叶岑潇这么熟悉她的阴暗和恶意,便不会,也不愿看她偶尔茫然的模样。
叶岑潇没有理会她,出门了。
等叶岑潇回来,曲赋霜已经把自己翻回正面,动作依然是随意的。
那道月光内的衣料红得晃眼,像是谁在她身上活生生开了个口子,鲜血不断从体内涌动出来,浸透了床面,导致其余的衣衫部分暗得发黑。
“你的刀。”叶岑潇握住刀鞘部分,刀柄朝她递过去。
她准备接过,瞧见云舒跟在叶岑潇后面进来。
叶岑潇把她带进来的。
“姑娘,您今日外出,这里的人临时命我多煎一次。”其实她不知道该不该煎,反正,他们怎么说她就怎么办了。
叶岑潇将刀搁置在桌面,云舒端来药碗。
云舒压低声音靠近曲赋霜,用气声道:“这次的药特别特别苦,我给姑娘多捎了糖,就在药碗旁边的小纸包里。”

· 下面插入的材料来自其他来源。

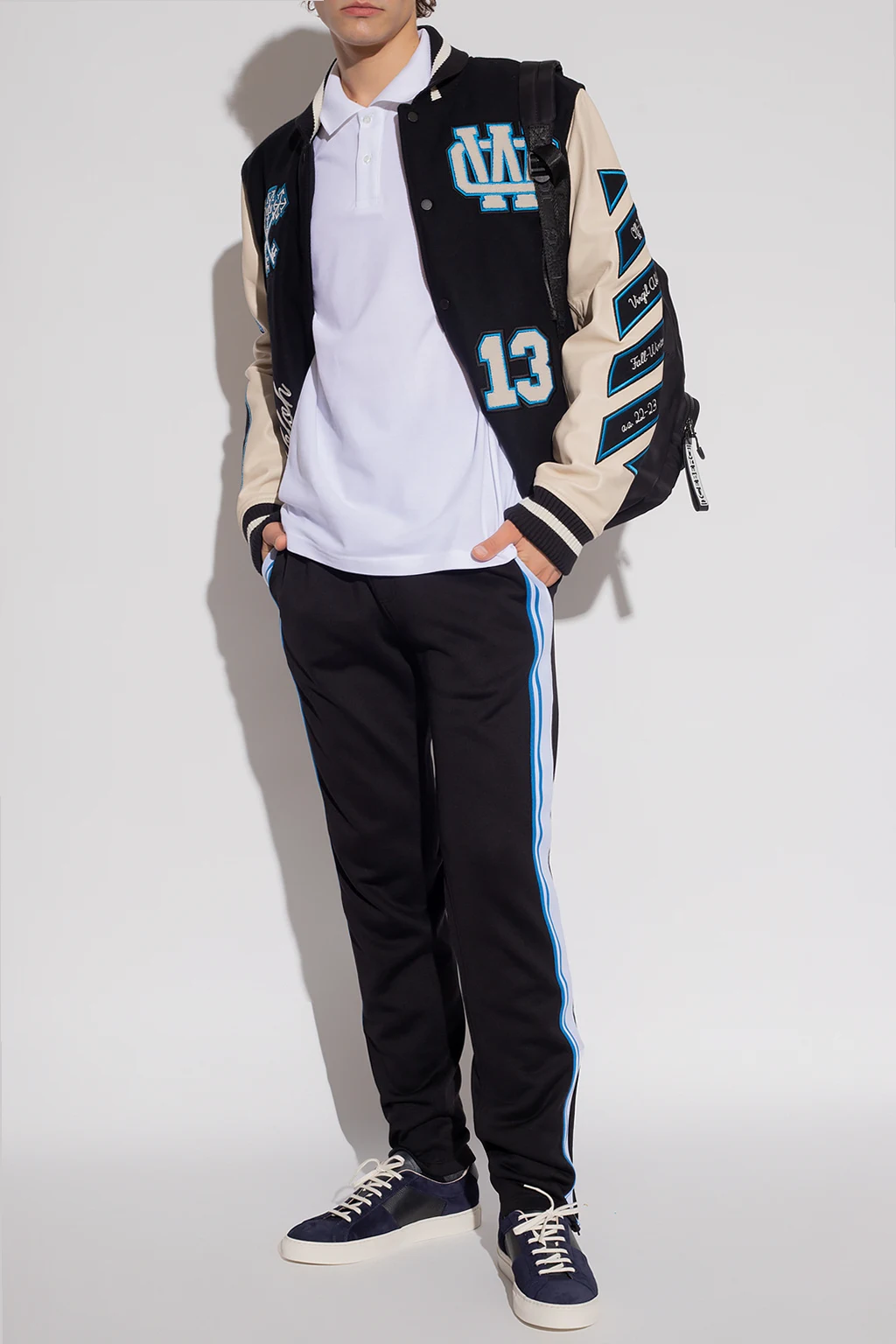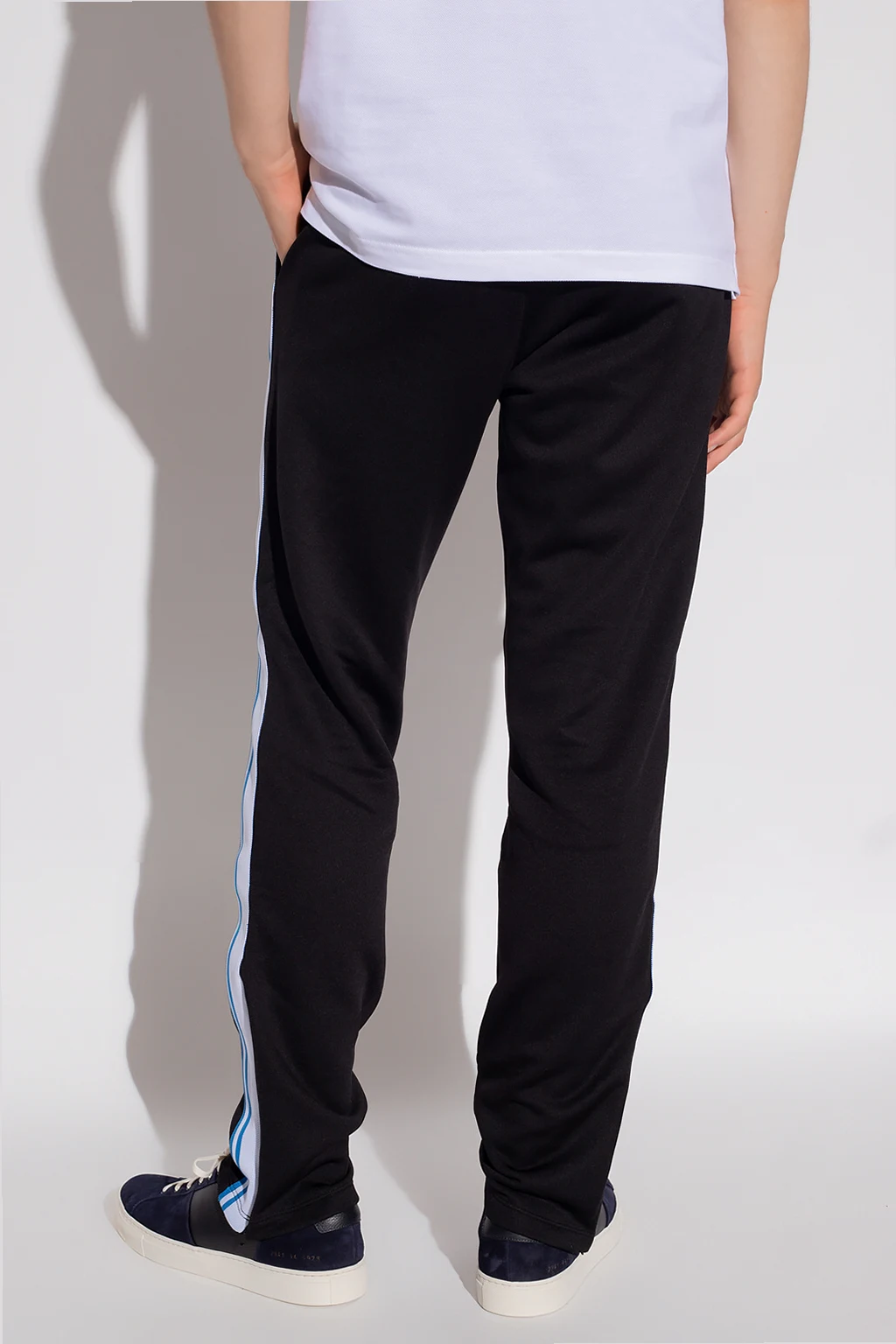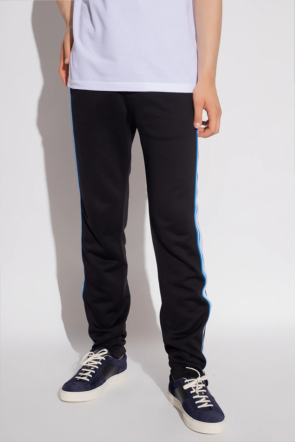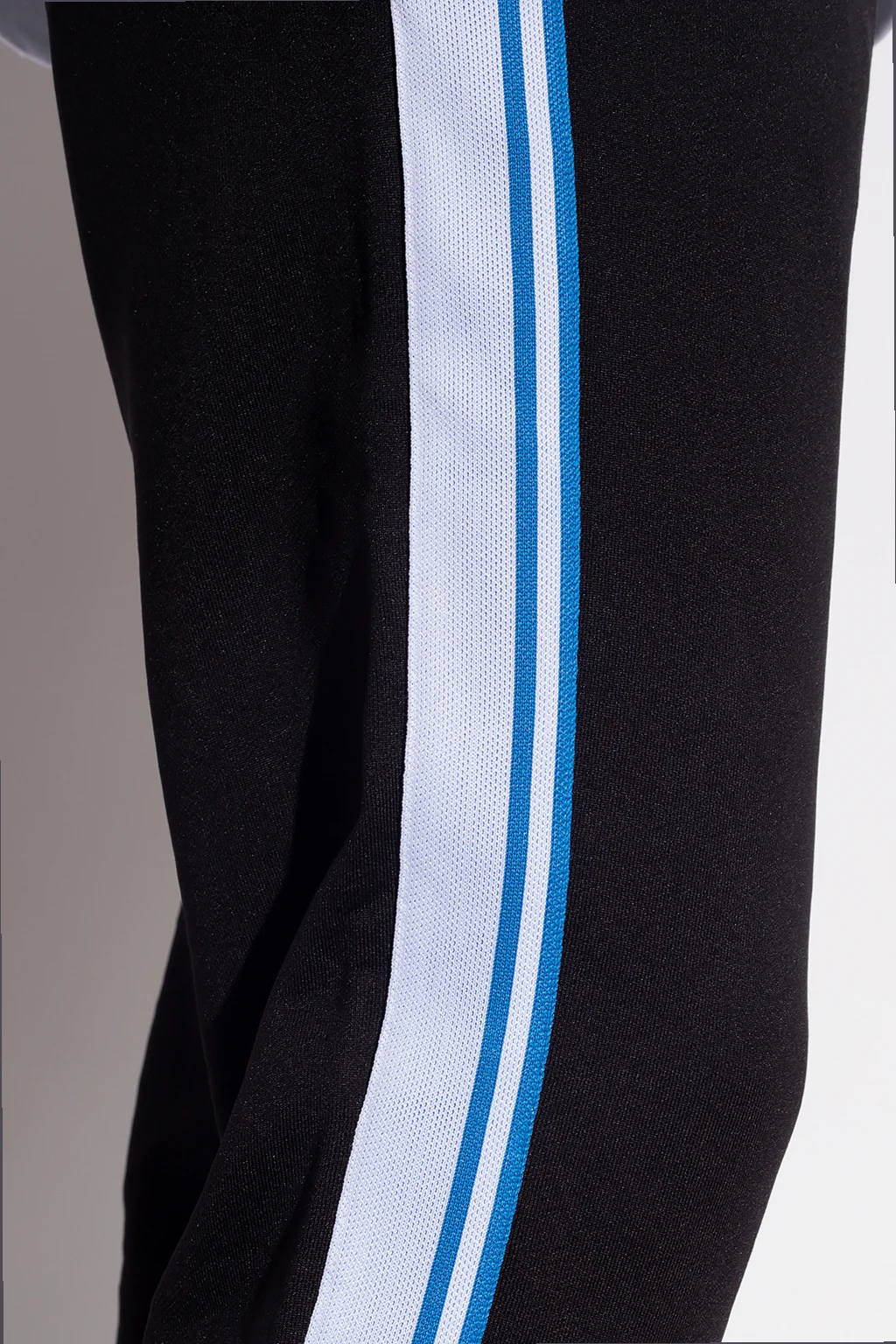 Black trousers from Iceberg. Embellished with white and blue side panels and an embroidered logo, this pair features a drawstring waistband, four slip pockets and straight legs with zip cuffs.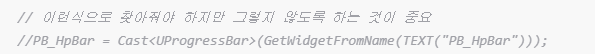 //PB_HpBar = Cast<UProgressBar>(GetWidgetFromName(TEXT("PB_HpBar")));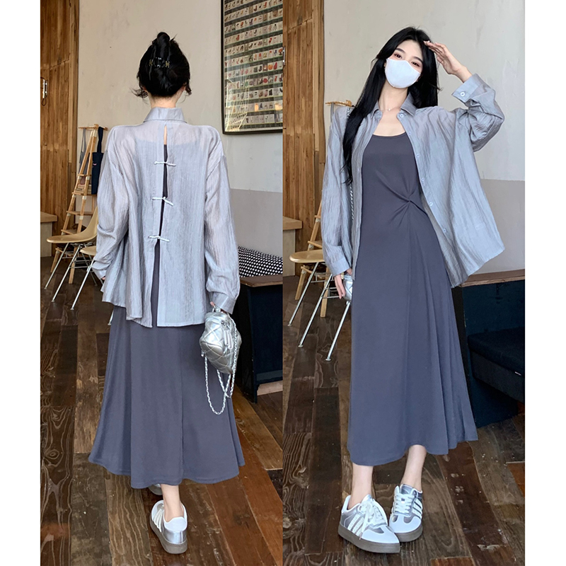 Loose shirt mid-length casual fairy-spirited Zen suit buckle

叶岑潇能听见,但曲赋霜不告诉云舒,有意同样用气音回应:“好。”
她悄悄用戏谑的眼神望向叶岑潇,叶岑潇侧过脸,月光下,她们之间一种光怪陆离的默契无声重燃。
对视了一刻后,曲赋霜率先挪开眼,面向床头,捞起一条禁锢着玉的颈链,向云舒招手。
“小家伙,过来。”
云舒把头往曲赋霜身边杵了杵,曲赋霜给她带上颈链:“我从前和你说过荡秋千的事,我诓你的,其实我没怎么荡过秋千。”
“啊?”
“好了,快走吧,我要歇息了。”
一张一合的门像横放的秋千,把云舒吞掉了,余下连呼吸都很轻的两个人。
“你放了多少?”
她的声音竟然轻微地抖着。
她向来秉持着“烂命一条就是干”的心态,对赴死抱有破罐子破摔的快感。叶岑潇已经很久没见过她害怕的状态了。
“想法是你提出来的,为什么害怕?”
她回味着情绪,发现自己的确在害怕。
害怕是件可怕的事,她不愿再参与,于是撑起手臂,托起药碗一饮而尽,仰面躺在榻上。
叶岑潇还是走过来,在她身侧坐下,如今被月光划道口子的人,又多了一个。
她立刻背朝叶岑潇躺,须臾,抬起头搁在叶岑潇腿上。短刀鞘镶嵌的珠宝闪动着光点,曲赋霜拨弄刀柄,看它在桌上“搁楞楞”地转动。
叶岑潇不开口。
曲赋霜以一种卖弄可怜的诙谐语气说:
“我的命就交给你了,主人。”
叶岑潇好久没听见这个称呼了。
曲赋霜等了一会儿,没听见叶岑潇开口。
桌上的刀被她拨了一下。
反正也就这样了,曲赋霜想。
又拨了一下。
叶岑潇不太熟练地抚摸她的头发,低头看着那双没有注视自己的眼睛。
再晚一点的时候,叶岑潇灭了蜡烛,离开了。她留在这儿,无非是浪费两个人的时间。
窗户没关,树影阴瘆瘆地摇动。
曲赋霜在等死,无事可做,脑子里开始思考她的反常。
怕死,其实就是好日子过久了。
她大脑停滞了一下,木然地想,楚愈,这个人的几句话,就能给她带来这么大的影响,让她有点活人的样子了?
被人善待一段时日,她就抛却好几年的经历和性子,等再回到这种该死就死的状态时,反而不习惯。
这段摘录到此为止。